TASK DESCRIPTION >> The entries shown here must be retyped in full, with no pictures included.

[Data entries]
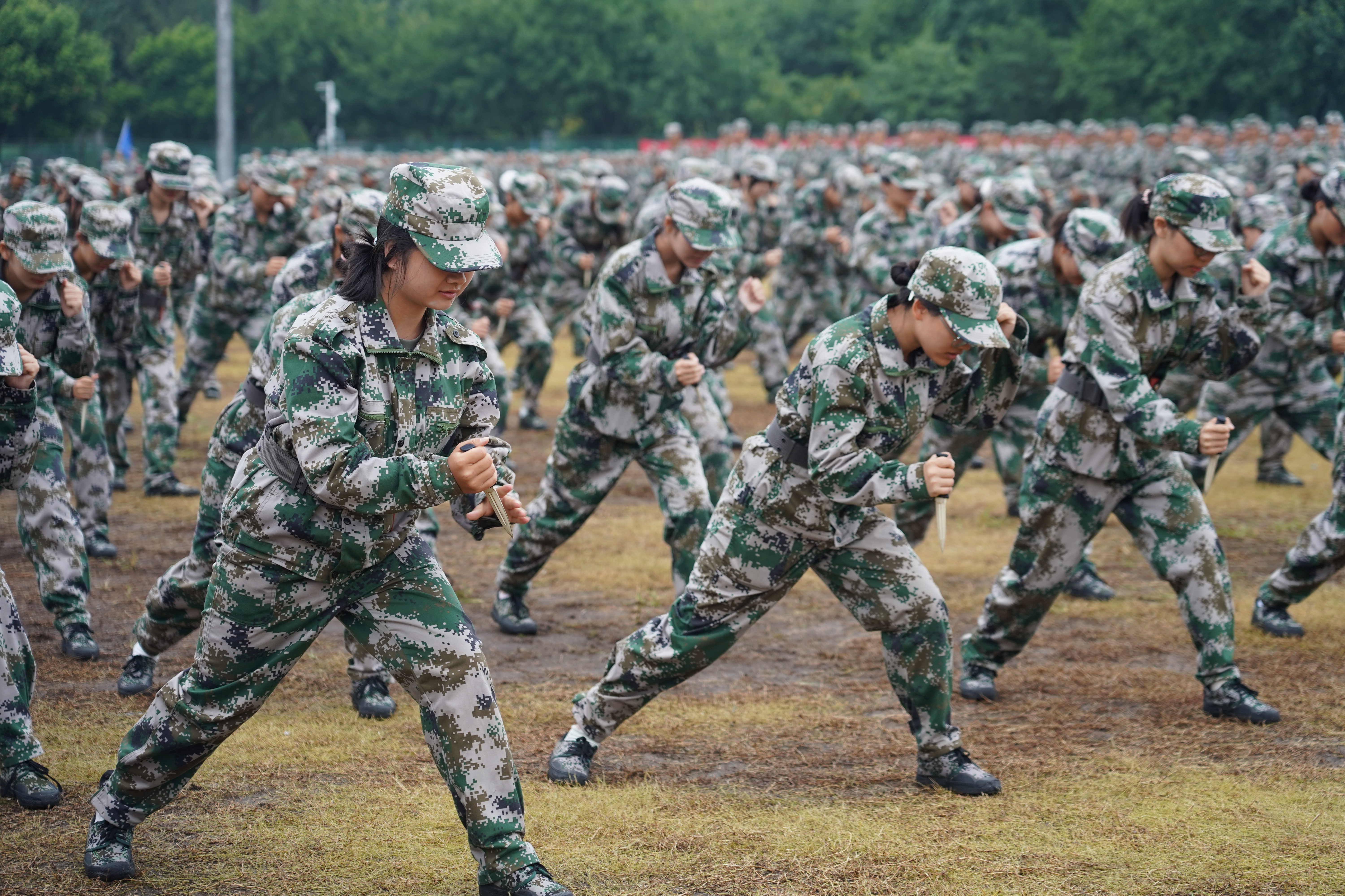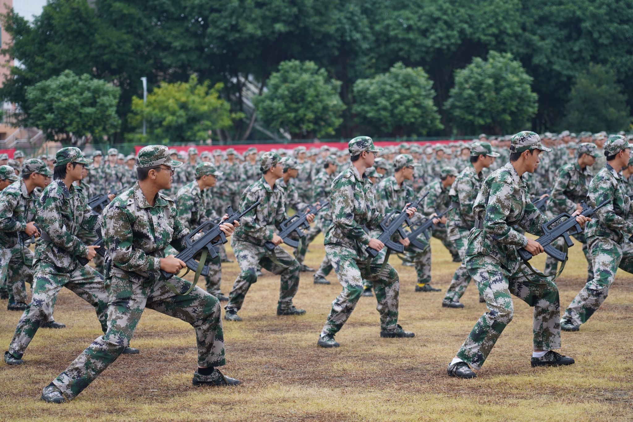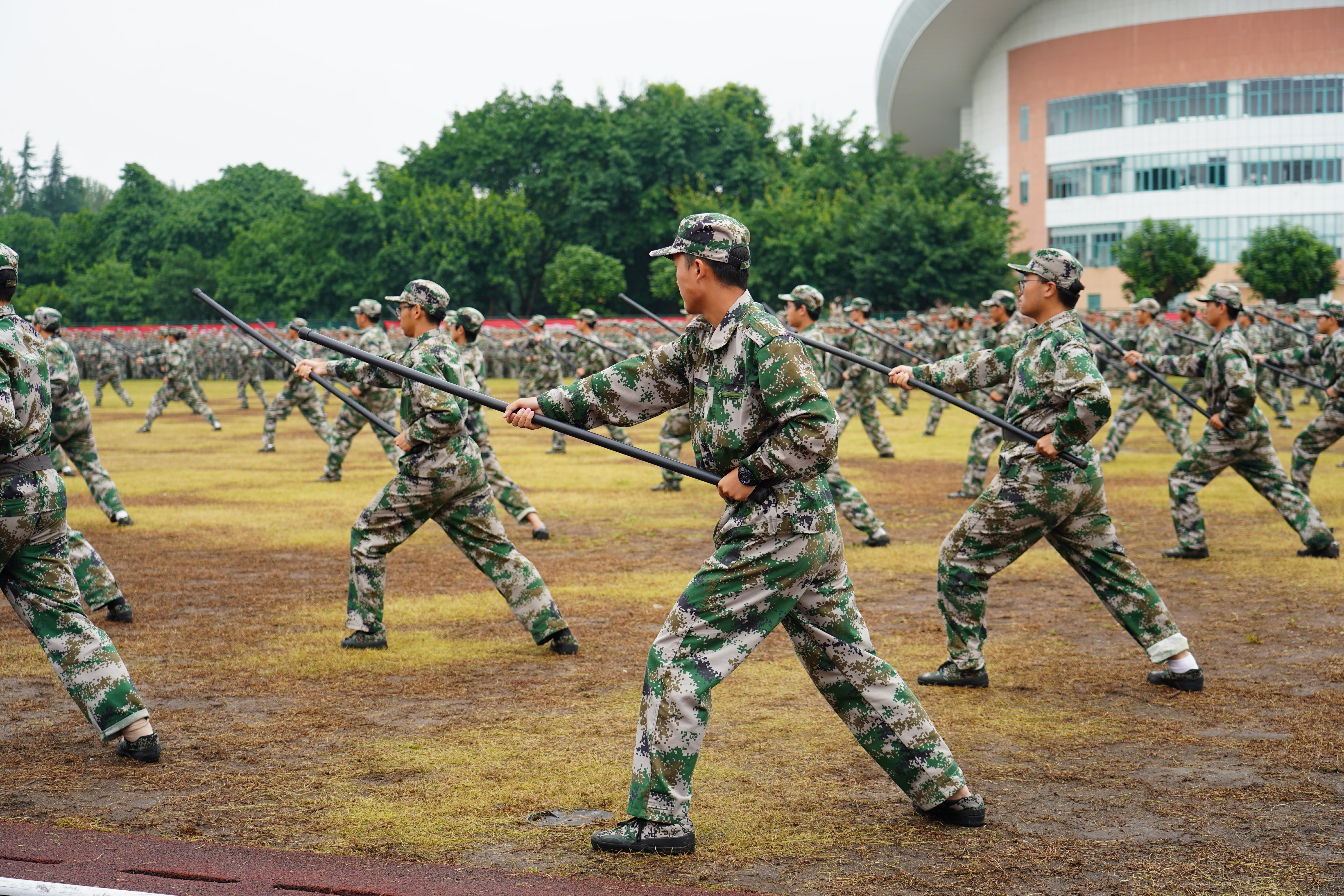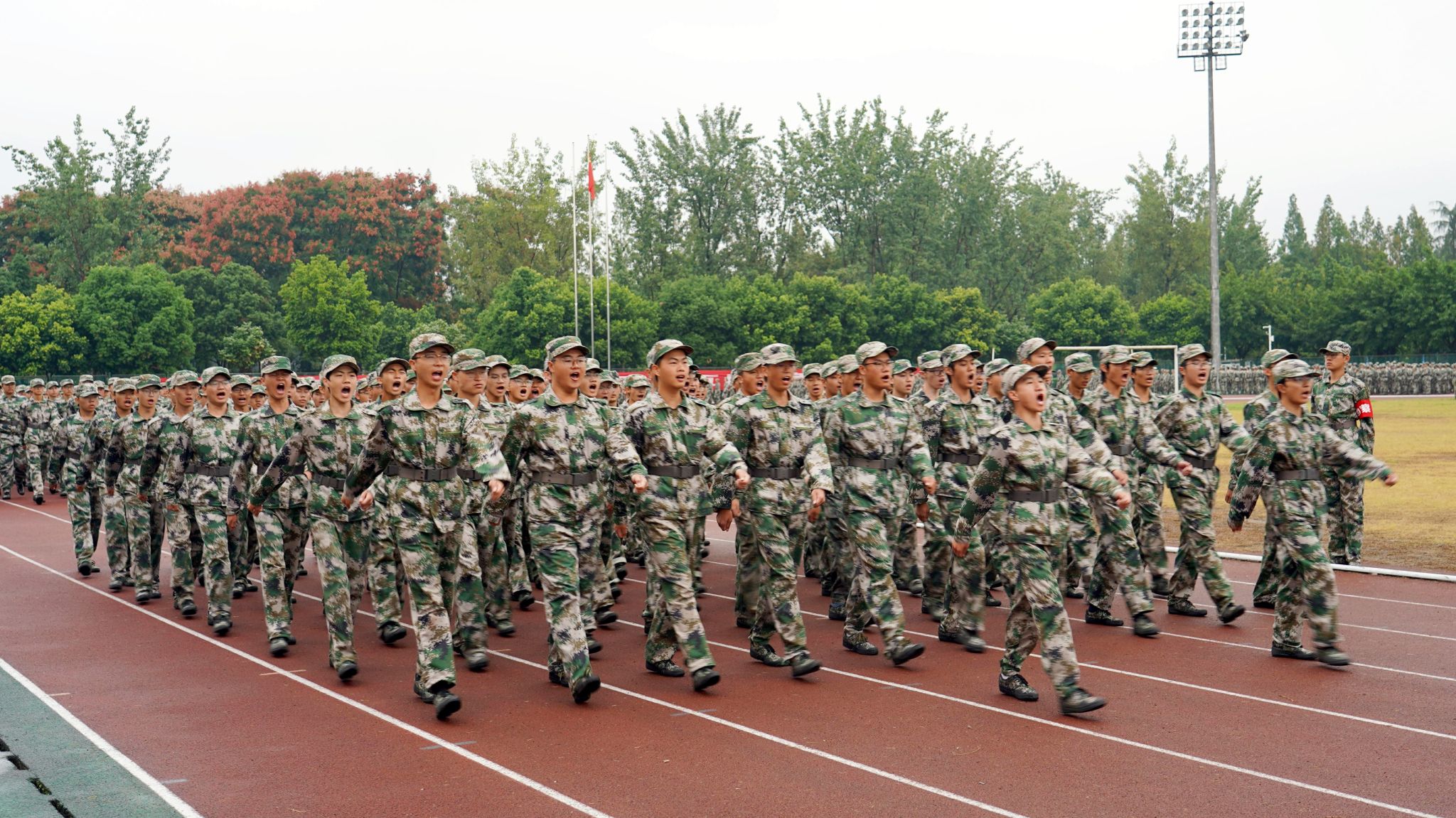 2025级同学们步伐整齐、口号嘹亮、精神饱满地经过检阅台。匕首操方队虎虎生威、巾帼不让须眉;军体拳方队整齐划一,酷飒中带着自信,豪迈中带着坚韧。
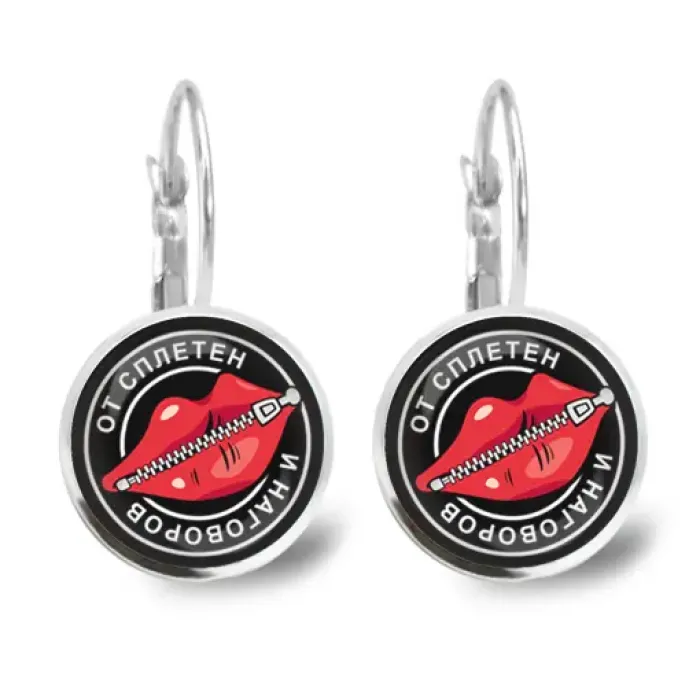 Серьги из бижутерного сплава с покрытием под серебро. Украшены изображениями под выпуклыми стеклянными линзами.
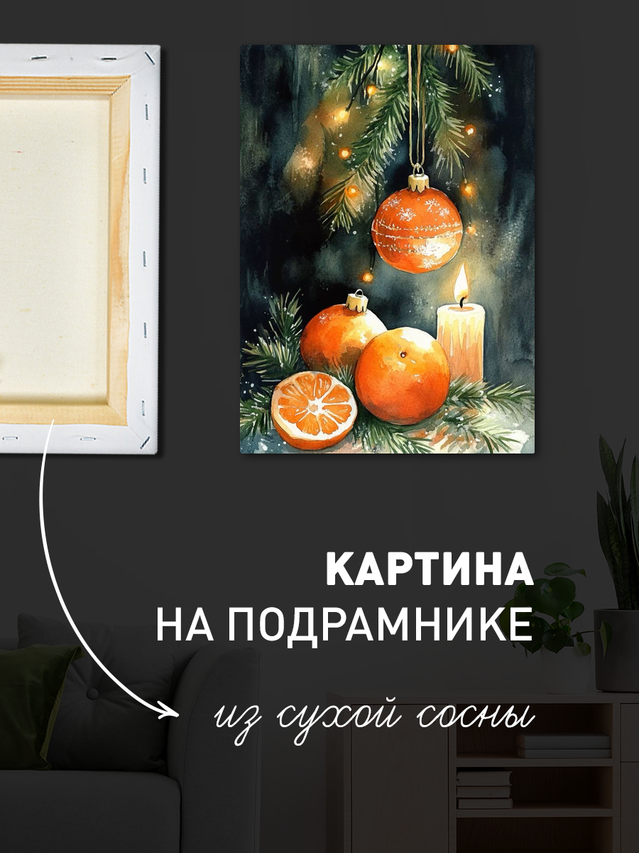 Описание: Картина 50 на 70 "Зимняя сказка" – напечатанное на холсте изображение, запечатлевающее красоту зимних праздников. На картине изображены яркие мандарины, рождественские игрушки и свеча, создающие атмосферу теплоты и уюта. | В этой композиции сочетаются натуральные элементы, такие как еловые ветви, с яркостью оранжевых фруктов и теплым светом свечи. Эта картина вызывает чувство радости, спокойствия и ностальгии, погружая зрителя в приятные воспоминания о зимнем празднике. Каждый элемент, от мандарины до мерцающих огоньков, создает неповторимую атмосферу волшебства, которая будет идеальным дополнением к вашему интерьеру. "Зимняя сказка" идеально впишется в рождественское убранство, дополнив атмосферу праздника, или станет ярким акцентом в уютной комнате. Картина прекрасно подходит для размещения в гостиной, кухне или даже спальне, где она сможет каждый день напоминать о волшебных моментах зимы.
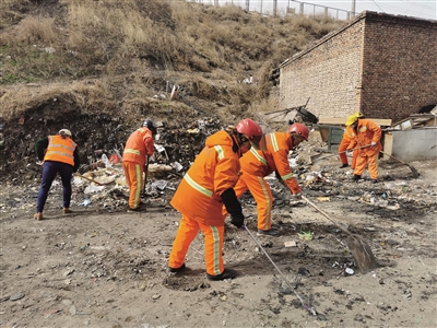 “这些基本是周围居民倾倒的生活垃圾。眼看天气转暖,这些垃圾如果得不到及时清理,会严重影响周边环境。”平城区环卫服务中心清运二公司环卫工田柱一边清理垃圾,一边向记者介绍。记者注意到,北都丽园小区南侧的铁道桥周围有很多平房住户,因为环境卫生管理维护不到位,导致积存了大量垃圾,环卫工曾多次清理但没过几天就又被堆上了垃圾。昨日,环卫工人在完成日常保洁工作后,加班加点对此处垃圾进行清理,共清理清运垃圾10余吨。
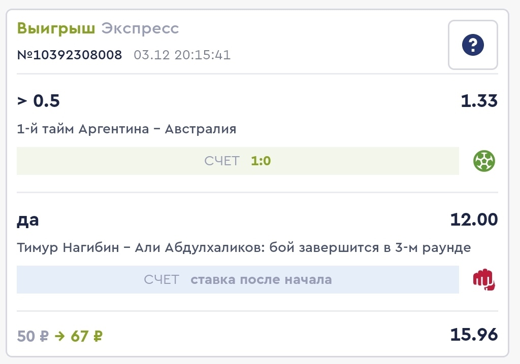 Сегодня сделал немного ставок, одиночные и экспрессы. По факту остался в небольшом минусе, но это не страшно, учитывая мои "баснословные" вложения. Сижу, значит, время 20:00-20:15. Скоро прекрасный футбольный матч Аргентина - Австралия. Поставил галочку на то, что в первом тайме забьют хотя бы один гол, угадал. И думаю, маленький коэффициент, толку не особо много, поставлю ещё на какой-нибудь бой. В разделе прематч попадается мне бой Нагибина - Абдулхаликова. Сделал ставочку, что бой продлится 3 раунда. Тут уже коэффициент значительно вырос с 1.33 до 15.96. Закинул на экспресс 50 рублей. И ушел заниматься делами. Спустя несколько часов возвращаюсь, лицезреть результаты. А там..
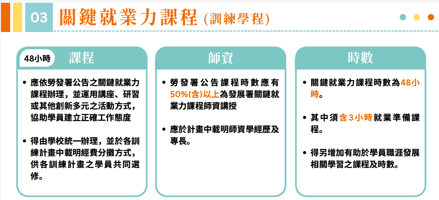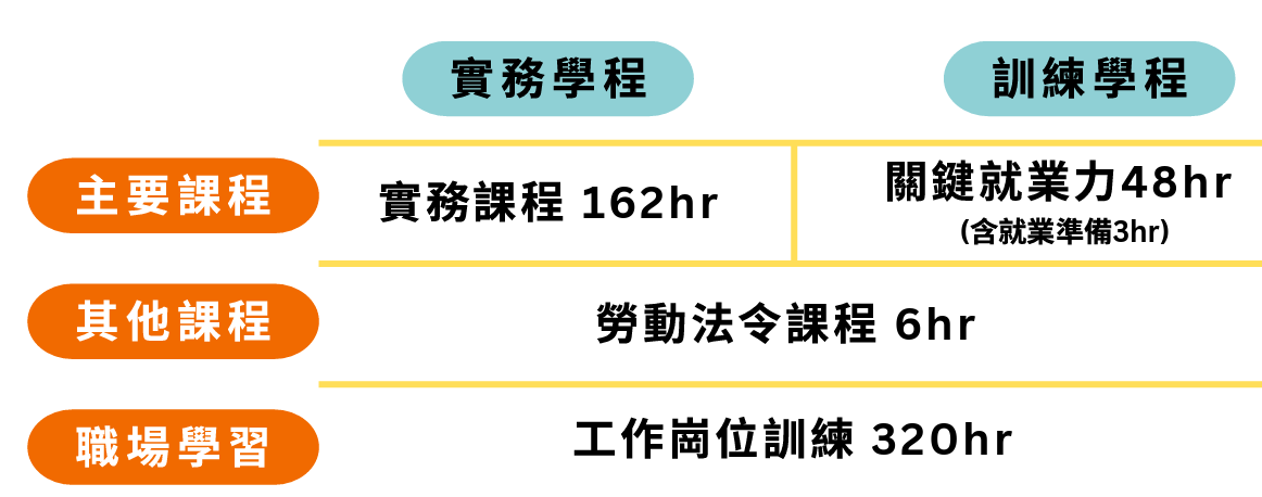 關鍵就業力課程及就業準備48小時 勞動法令6小時 工作崗位訓練320小時等內容 |
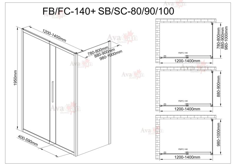 Душевой уголок AvaCan FB 120-140 + SB 90 чёрный
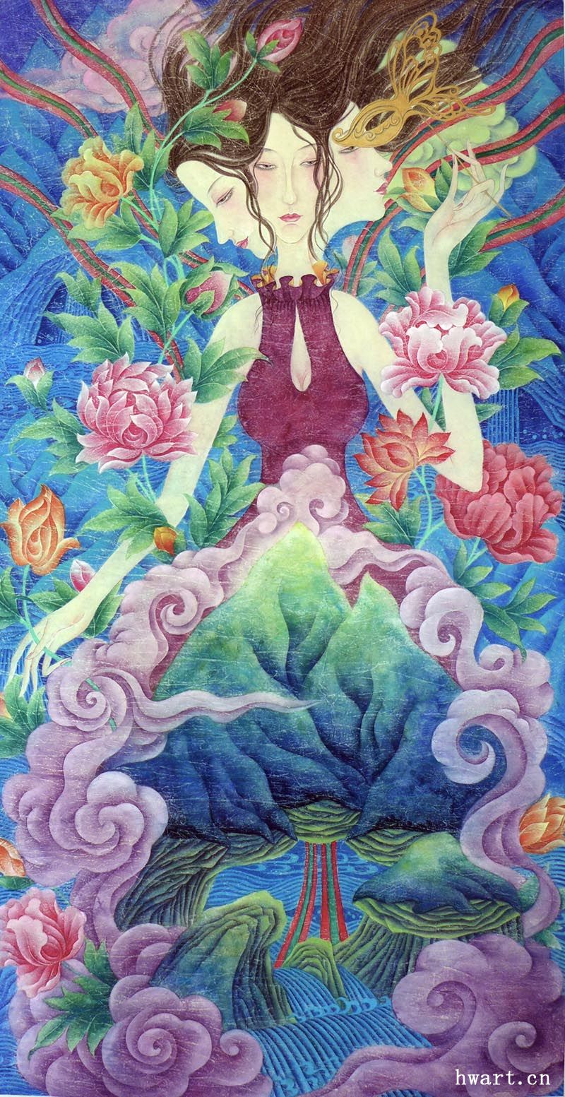 《嫣然》之二工筆重彩,2016年 四尺斗方
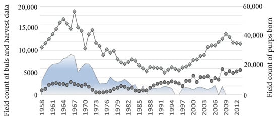 Following years of sealing, and despite all efforts to optimize it, the Tyuleniy Island herd started to reduce, e.g., [17,18]. By the late 1980s, the number of births decreased by half compared to the average values of the 1960s and early 1970s and then fixed there. Other North Pacific fur seal populations also demonstrated reduced population numbers, particularly Commander and Pribilof Islands [2,9,19], etc. To change this undesirable trend, hunting on Tyuleniy Island was considerably limited by the 1990s, and completely canceled in 2008. Figure 1 demonstrates the field counts available for the Tyuleniy Island herd of northern fur seals. As expected, the number of adult males in the population dramatically increased (Figure 1, the line with bullets), but the expected rise in the number of births did not follow: although the number of newborn pups is higher, the level of the mid-1960s remained unachieved (Figure 1, the line with the diamond shapes).

RESPONSE >>
 2025级同学们步伐整齐、口号嘹亮、精神饱满地经过检阅台。匕首操方队虎虎生威、巾帼不让须眉;军体拳方队整齐划一,酷飒中带着自信,豪迈中带着坚韧。
 Серьги из бижутерного сплава с покрытием под серебро. Украшены изображениями под выпуклыми стеклянными линзами.
 Описание: Картина 50 на 70 "Зимняя сказка" – напечатанное на холсте изображение, запечатлевающее красоту зимних праздников. На картине изображены яркие мандарины, рождественские игрушки и свеча, создающие атмосферу теплоты и уюта. | В этой композиции сочетаются натуральные элементы, такие как еловые ветви, с яркостью оранжевых фруктов и теплым светом свечи. Эта картина вызывает чувство радости, спокойствия и ностальгии, погружая зрителя в приятные воспоминания о зимнем празднике. Каждый элемент, от мандарины до мерцающих огоньков, создает неповторимую атмосферу волшебства, которая будет идеальным дополнением к вашему интерьеру. "Зимняя сказка" идеально впишется в рождественское убранство, дополнив атмосферу праздника, или станет ярким акцентом в уютной комнате. Картина прекрасно подходит для размещения в гостиной, кухне или даже спальне, где она сможет каждый день напоминать о волшебных моментах зимы.
 “这些基本是周围居民倾倒的生活垃圾。眼看天气转暖,这些垃圾如果得不到及时清理,会严重影响周边环境。”平城区环卫服务中心清运二公司环卫工田柱一边清理垃圾,一边向记者介绍。记者注意到,北都丽园小区南侧的铁道桥周围有很多平房住户,因为环境卫生管理维护不到位,导致积存了大量垃圾,环卫工曾多次清理但没过几天就又被堆上了垃圾。昨日,环卫工人在完成日常保洁工作后,加班加点对此处垃圾进行清理,共清理清运垃圾10余吨。
 Сегодня сделал немного ставок, одиночные и экспрессы. По факту остался в небольшом минусе, но это не страшно, учитывая мои "баснословные" вложения. Сижу, значит, время 20:00-20:15. Скоро прекрасный футбольный матч Аргентина - Австралия. Поставил галочку на то, что в первом тайме забьют хотя бы один гол, угадал. И думаю, маленький коэффициент, толку не особо много, поставлю ещё на какой-нибудь бой. В разделе прематч попадается мне бой Нагибина - Абдулхаликова. Сделал ставочку, что бой продлится 3 раунда. Тут уже коэффициент значительно вырос с 1.33 до 15.96. Закинул на экспресс 50 рублей. И ушел заниматься делами. Спустя несколько часов возвращаюсь, лицезреть результаты. А там..
 關鍵就業力課程及就業準備48小時 勞動法令6小時 工作崗位訓練320小時等內容 |
 Душевой уголок AvaCan FB 120-140 + SB 90 чёрный
 《嫣然》之二工筆重彩,2016年 四尺斗方
 Following years of sealing, and despite all efforts to optimize it, the Tyuleniy Island herd started to reduce, e.g., [17,18]. By the late 1980s, the number of births decreased by half compared to the average values of the 1960s and early 1970s and then fixed there. Other North Pacific fur seal populations also demonstrated reduced population numbers, particularly Commander and Pribilof Islands [2,9,19], etc. To change this undesirable trend, hunting on Tyuleniy Island was considerably limited by the 1990s, and completely canceled in 2008. Figure 1 demonstrates the field counts available for the Tyuleniy Island herd of northern fur seals. As expected, the number of adult males in the population dramatically increased (Figure 1, the line with bullets), but the expected rise in the number of births did not follow: although the number of newborn pups is higher, the level of the mid-1960s remained unachieved (Figure 1, the line with the diamond shapes).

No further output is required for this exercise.